Kısas-ı Enbiyâ ve Tevârîh-i Hulefâ başlıklı eseri, Hz. Âdem (aleyhisselam)’dan Hz. Muhammed (aleyhissalatu vesselam) Efendimize kadar gelip geçen peygamberlerin kıssalarından, Hz. Peygamber’in hayatı ve Hulefâ-yi Râşidîn ile Emevî, Abbâsî halifelerinden, diğer Türk-İslâm devletlerinden ve Osmanlı tarihinin 1439 yılına kadar olan ilk devirlerinden bahseder. Çok okunmuştur ve hatta Osmanlı zamanındaki okullarda ders kitabı (4) olarak okutulmuştur (5).
Sayısı yirmi bir olarak tespit edilen eserlerinin hepsinden bahsetmek, bu yazının gayesi değildir. Gayemiz bu büyük âlim ve münevvere, devlet adamına, fikir ve dava adamına yeniden dikkat çekmek, gençlerin ona yönelmesine vesile olmaktır.
***
Müderris, Osmanlının güçlü zamanlarında mükemmel bir rol model idi. Medreseden mezun olanlar âlimdi, ârifti, şeyhti. İmamdı, müezzindi. Önderdi, örnek adamdı. Şairdi, yazardı. Devlet ve halkın bütün ihtiyaçlarına cevap verebiliyorlardı. Lakin zamanla medrese eski kuvvetini kaybetti. Ve o dönemlerde Batı kuvvetlendi, askeri alanda Osmanlıya galebe çalmaya başladı; durum değişti. O zaman Batıyı tanıma ve anlama ihtiyacı baş gösterdi. Onun için Cevdet Paşa’ya “son büyük müderris, ilk büyük münevver” dedik. Yani artık çift değil dört kanatlı olmak zorundaydık. İşte Cevdet Paşa’nın Fransızca öğrenmesi, Batıyı tanıma ve anlama fırsatını vermiş, bu kavrayış ona devlete ve millete güçlü çözümler üretmesinde yardımcı olmuştur.
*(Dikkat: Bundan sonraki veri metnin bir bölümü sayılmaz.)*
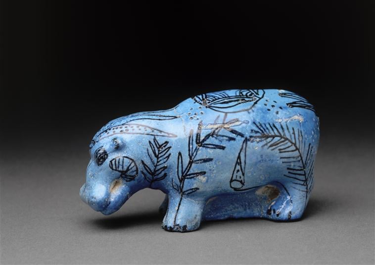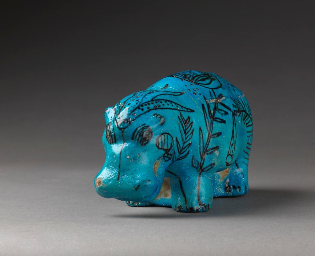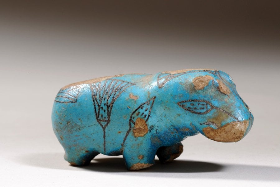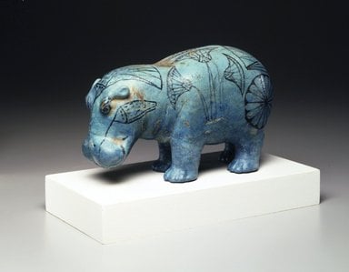 Le statuette in maiolica raffiguranti l’ippopotamo, di dimensioni variabili tra i 9 ed i 23 centimetri di lunghezza, vennero realizzate soprattutto nel Medio Regno e nel secondo periodo intermedio per essere collocate nelle tombe; poiché gli egizi temevano il gigantesco pachiderma e credevano che la sua raffigurazione potesse magicamente animarsi e costituire una minaccia, probabilmente ne rompevano le zampe per eliminarne il potenziale distruttivo e talvolta disegnavano sulla sua schiena delle bande trasversali che rappresentavano corde destinate ad imbrigliarne la pericolosità.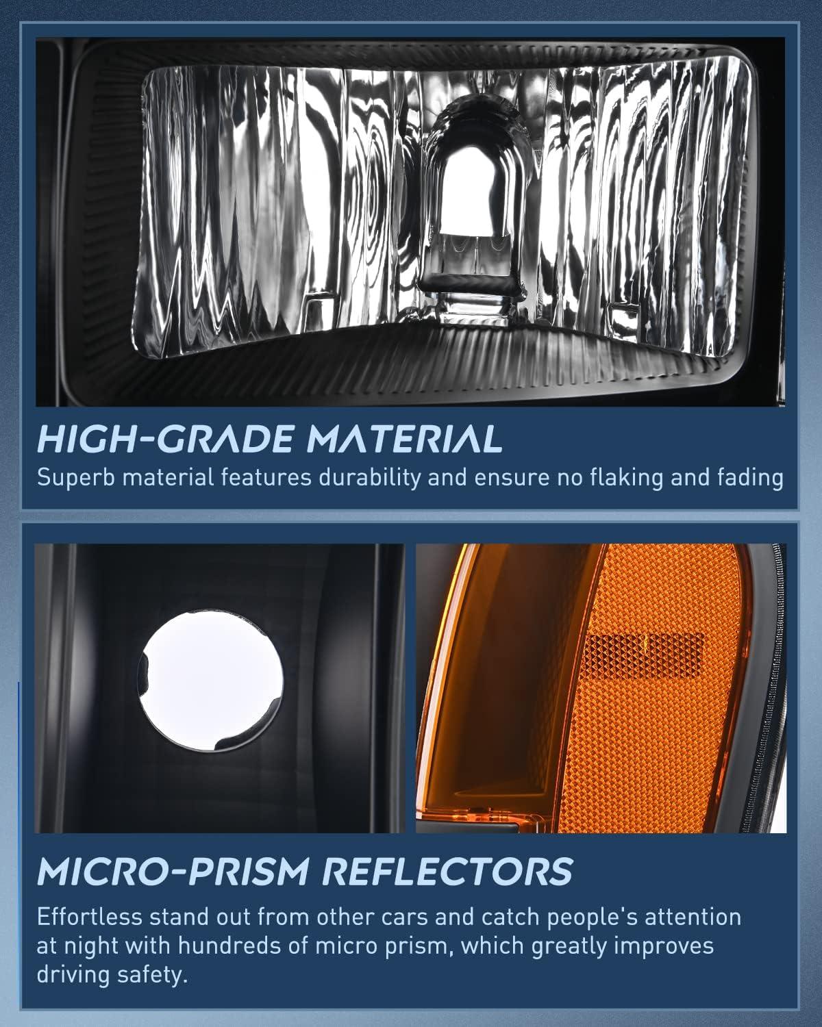 Safe Drive: Our 2002 2003 2004 2005 Ram 1500 2500 3500 headlights provide clearer and longer vision for driver to see the deer, wild animals, falling rocks or other obstacles at night in advance to reduce the possibility of danger.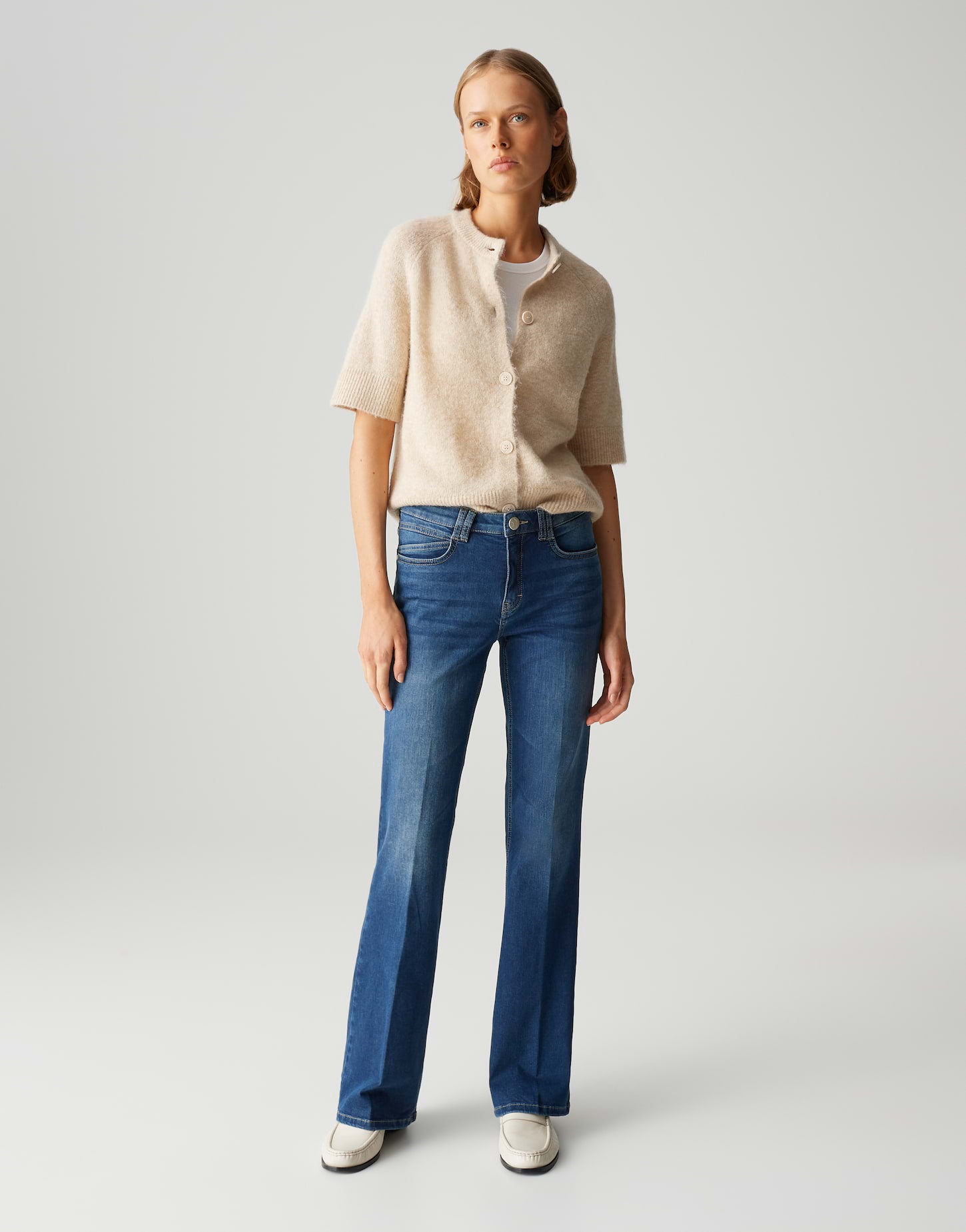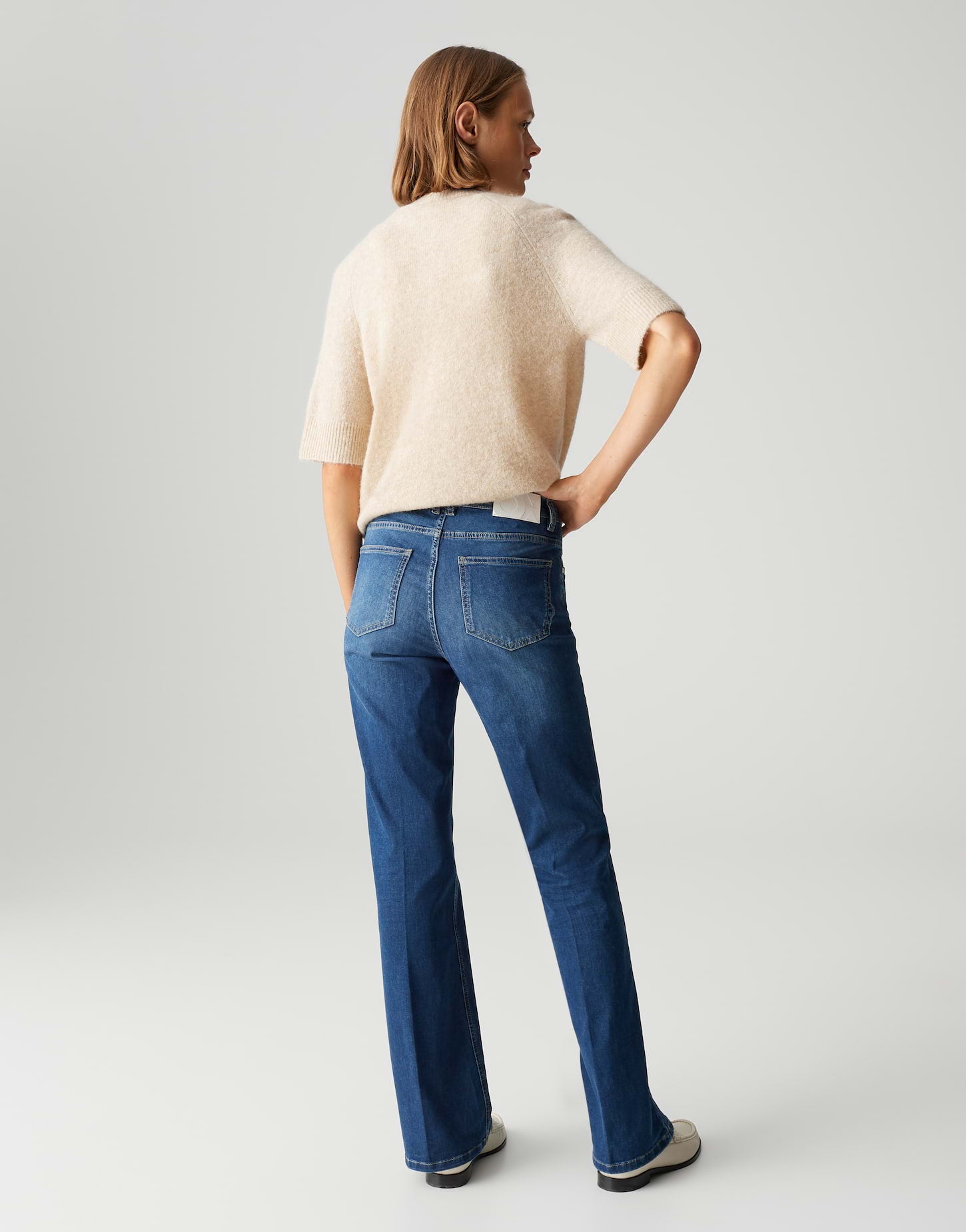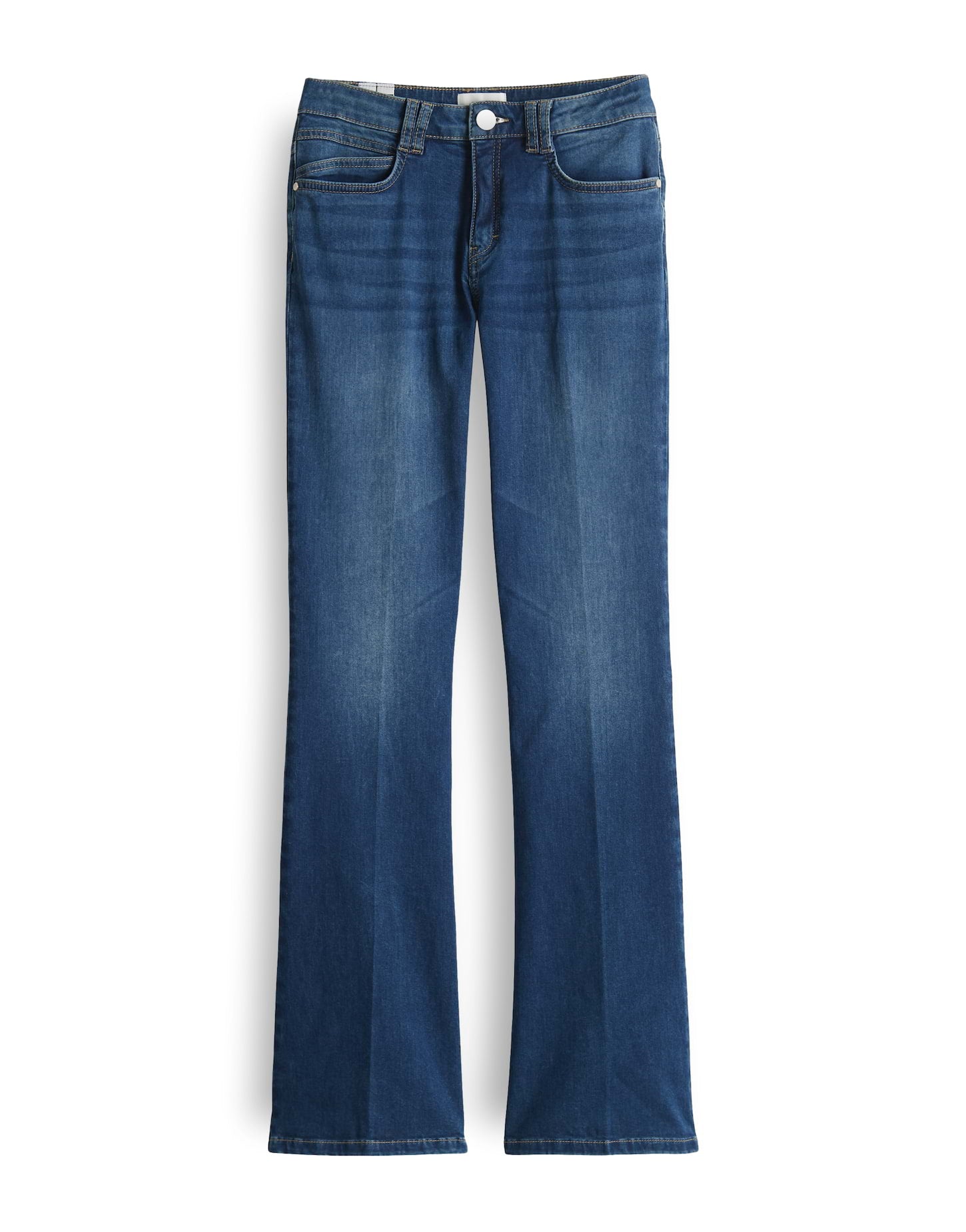 schmal am Oberschenkel, ausgestelltes Bein, Hosenbein Innenlänge ca. 81 cm in jeder Größe, Model Größe 178 cm – trägt Größe 36, Denim, weicher Griff, authentische Waschung, Eingrifftaschen vorne, aufgesetzte Taschen hinten, Bügelfalten, Zip-Fly, leichte Used-Effekte, Crinkle-Effekte

Paşanın Avrupa’daki devletleri, büyük olayları ve Batı kurumlarını düzgün ve doğru bir şekilde kavradığı, eserlerindeki ifade kuvvetinden anlaşılmaktadır. Onun için Batılılaşmanın, Batı taklitçiliğinin yanlışlığını kuvvetle savunmuştur. Avrupa kanunlarının ve kurumlarının olduğu gibi alınmasına karşı çıkarak İslâm medeniyetine ait geleneklerimizin korunması gerektiğini söylemiştir. Bunu da cesurca yapmış, zamanındaki devlet ileri gelenlerinin mesela Sadrazam Âlî Paşa’nın Fransız kanunlarının tercüme edilip aynen alınması yönündeki görüşlerine karşı çıkabilmiştir.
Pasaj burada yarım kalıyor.